A sticker from around 2011 reads: “Cult of Guilt: Holocaust – I can’t hear it anymore!” / Photo credit: Deutsches Historisches Museum

“They are familiar to everyone and can be found sticking everywhere: on street signs, letter boxes, in underground stations, in children’s rooms, in love letters,” explains the exhibition’s flyer. “Stickers and adhesive labels, also known as sticky notes, have been around on a massive scale since the late 19th century: a small format that is zealously disseminated in public places, privately collected and often traded. Stickers have been used since the beginning as an inexpensive way of popularizing worldviews. Collector cards and albums helped to spread and reinforce racist ideas of inequality and superiority and to bring them into people’s private lives.

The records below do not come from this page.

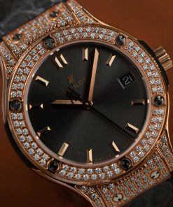 Hublot Classic Fusion King Gold Pavé CZ Stones Grey Dial Leather Strap Lady Watch Replica 33mm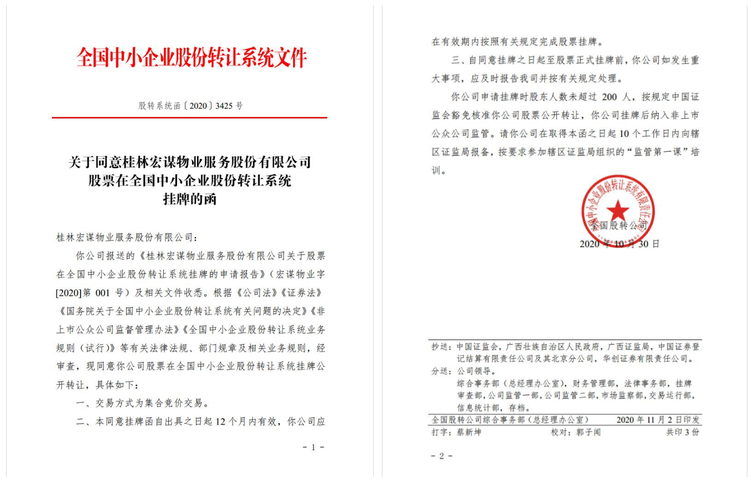 2020年12月9日下午,桂林新城投資開發(fā)集團有限公司下屬子公司桂林宏謀物業(yè)服務股份有限公司在全國中小企業(yè)股份轉(zhuǎn)讓系統(tǒng)即新三板上市。桂林宏謀物業(yè)服務股份有限公司(股票簡稱:宏謀物業(yè);股票代碼:873532)成為桂林市第一家在新三板上市的國企物業(yè)公司。
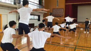 03.学校行事(中央タイムズ) 3.4年 運動会に向けて① 中学年は『南中ソーラン』に挑戦します。パワフルな中学年にはピッタリの演目です。 腰を落として踊りきることは至難の技です。はじめての練習では腰を落とすだけで精一杯…。 指先や目線まで意識した演技を目指します。 2025.10.08 03.学校行事(中央タイムズ)

Stickers with anti-Jewish pictures and slogans have always been extremely popular with anti-Semites. But Jewish organizations soon learned to fight back against these slanderous attacks and publicly combated the anti-Semitic propaganda. Even today stickers are used for political agitation. Stickers like ‘Refugees welcome’ or ‘Nein zum Heim’ – short for saying ‘we don’t want any refugees living here’ – serve to signal acceptance, to polarize or to intimidate people.”

A sticker from around 1900 reads: “Away with Juda! – The Jews are Germany’s disaster.” / Photo credit: Deutsches Historisches Museum

STICKY MESSAGES
Anti-Semitic and racist stickers from 1880 to the present
April 20 to July 31, 2016
An exhibition of the Center for Research on Antisemitism at Technische Universität Berlin and the Deutsches Historisches Museum.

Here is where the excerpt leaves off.